On March 6, the Ministry of Manpower (MOM) announced transformative changes to its foreign workforce policy, signaling a shift to enhance workforce flexibility and support long-term economic growth. Rolling out between May and September 2025, the reforms include an increase in S Pass qualifying salary and levy and changes to the work permit framework. While there will be no changes to the qualifying salary of employment pass (EP) holders, S Pass qualifying salary and levy have been raised progressively from 2022 to 2025, with the third step increase in 2025. Except in financial services sector, the effective minimum qualifying salary for EP will remain at S$5,600 and effective September 1, the new S Pass minimum qualifying salary will be S$3,300. In terms of changes to the work permit, the list of Non-Traditional Sources (NTS) for hiring will expand to include Bhutan, Cambodia, and Laos, while the NTS Occupation List will add roles such as cooks, heavy vehicle drivers, and manufacturing operators. Additionally, the maximum employment age for work permit holders will increase from 60 to 63, aligning with the national retirement age. Furthermore, employment periods will no longer be capped. To support firms in strategic economic sectors, the Manpower for Strategic Economic Priorities (M-SEP) scheme will be extended to three years, adding incentives for firms that invest in local workforce development.

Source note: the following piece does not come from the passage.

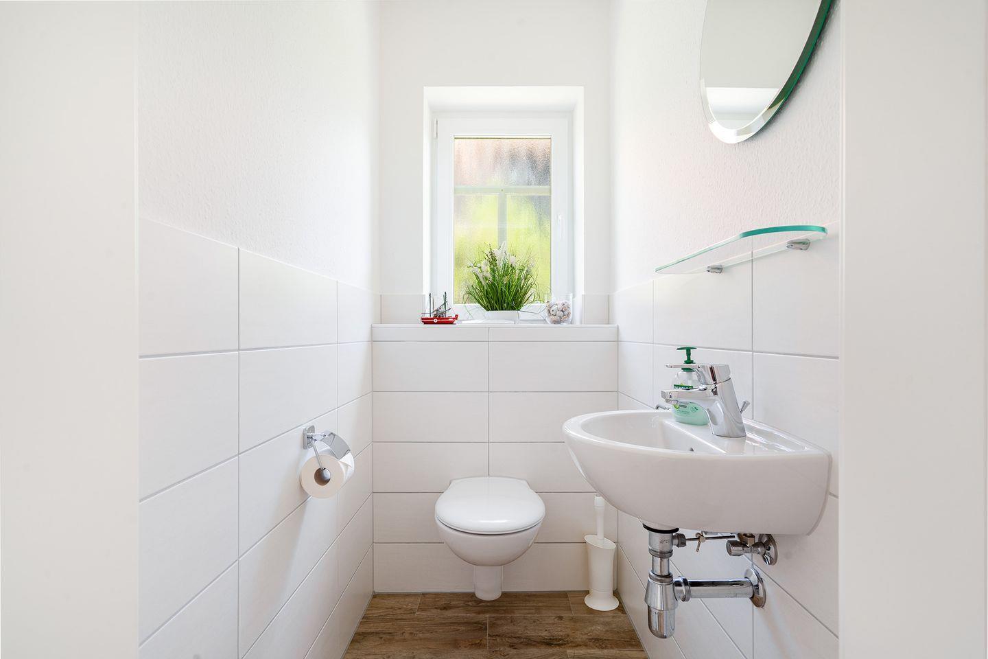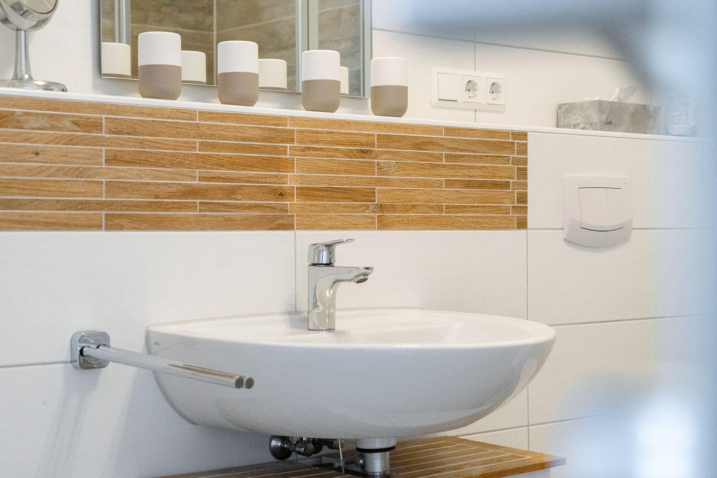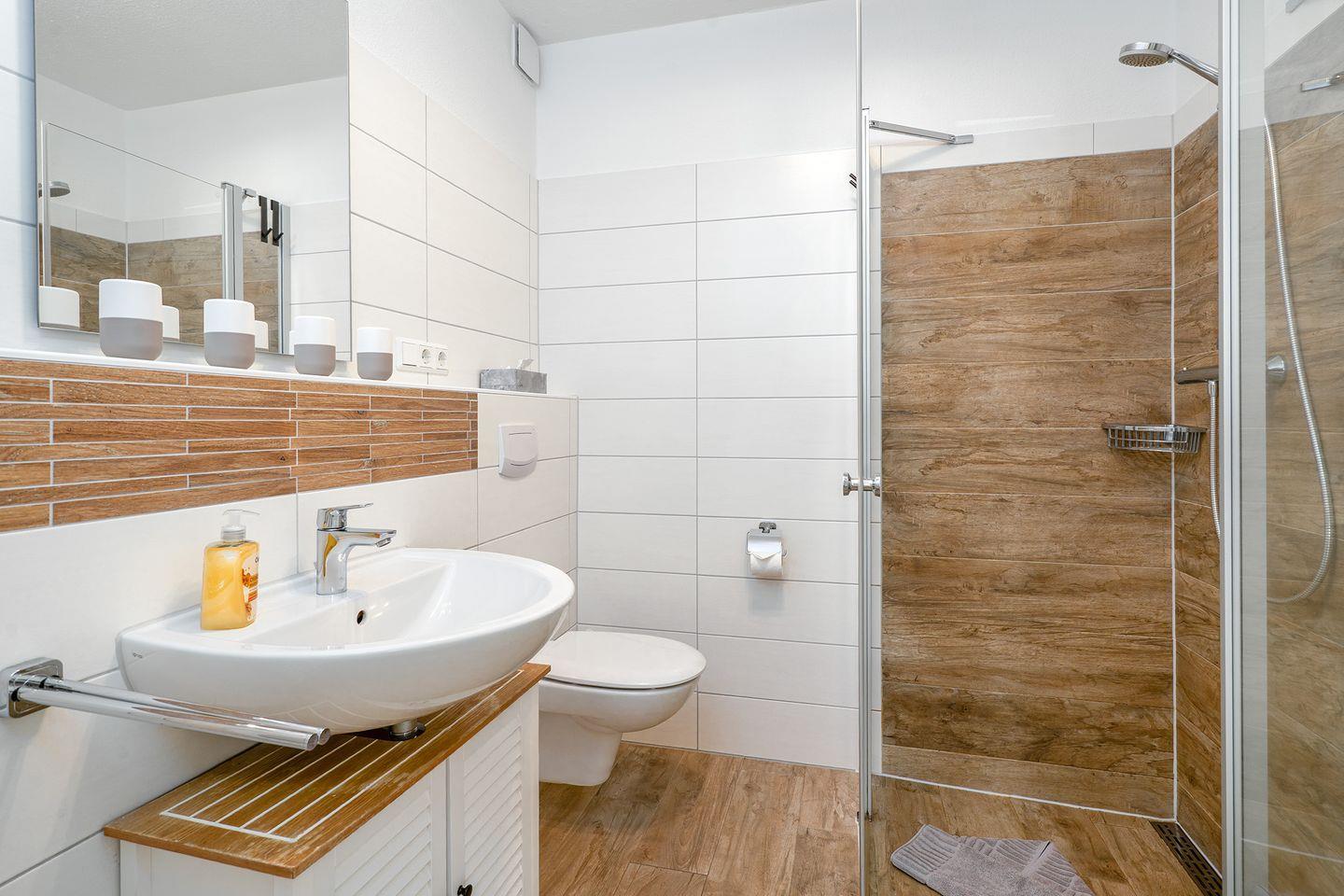 Ein Dusch-Bad (barrierefrei), Fön und Waschmaschine und ein Gäste-WC gehören ebenfalls zur gehobenen Ausstattung.
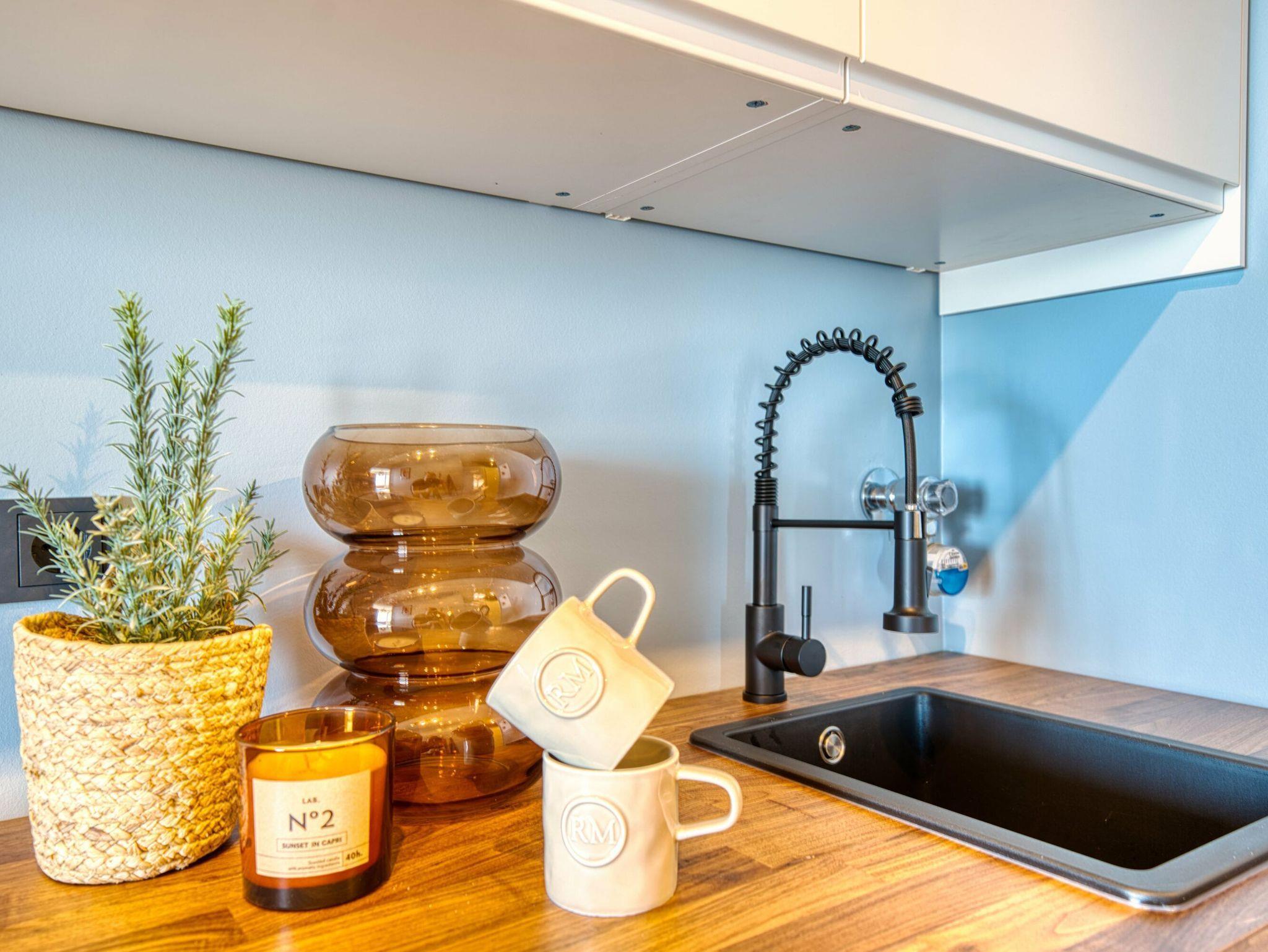 Der Wohnbereich ist mit Möbeln der Marke Riviera Maison ausgestattet bekannt für stilvolles Design und hohe Qualität. Durch den maritimen Einrichtungsstil, moderne Bodenbeläge und ausgewählte Deko entsteht ein harmonisches Wohlfühlambiente.

For foreign companies operating in Singapore, this evolving landscape presents both opportunities and compliance challenges—demanding proactive workforce planning, competitive compensation strategies, and a closer alignment with Singapore’s economic and social objectives. Industry stakeholders generally welcomed the developments, citing that the new provisions enhance operational stability and workforce continuity. However, they also believe that businesses must balance these benefits with challenges such as higher healthcare costs, foreign worker quotas, and levy requirements. The policy changes aim to strike a balance between attracting skilled foreign talent and protecting local workforce interests by ensuring that foreign workers complement rather than replace local employees.
According to data released from MOM in September 2024, foreign-owned companies account for around 20% of firms in Singapore and employ 60% of Singapore residents in high earning jobs (monthly income of above S$12,500). Overall, these foreign-owned firms employ nearly a third of the total employed Singapore residents.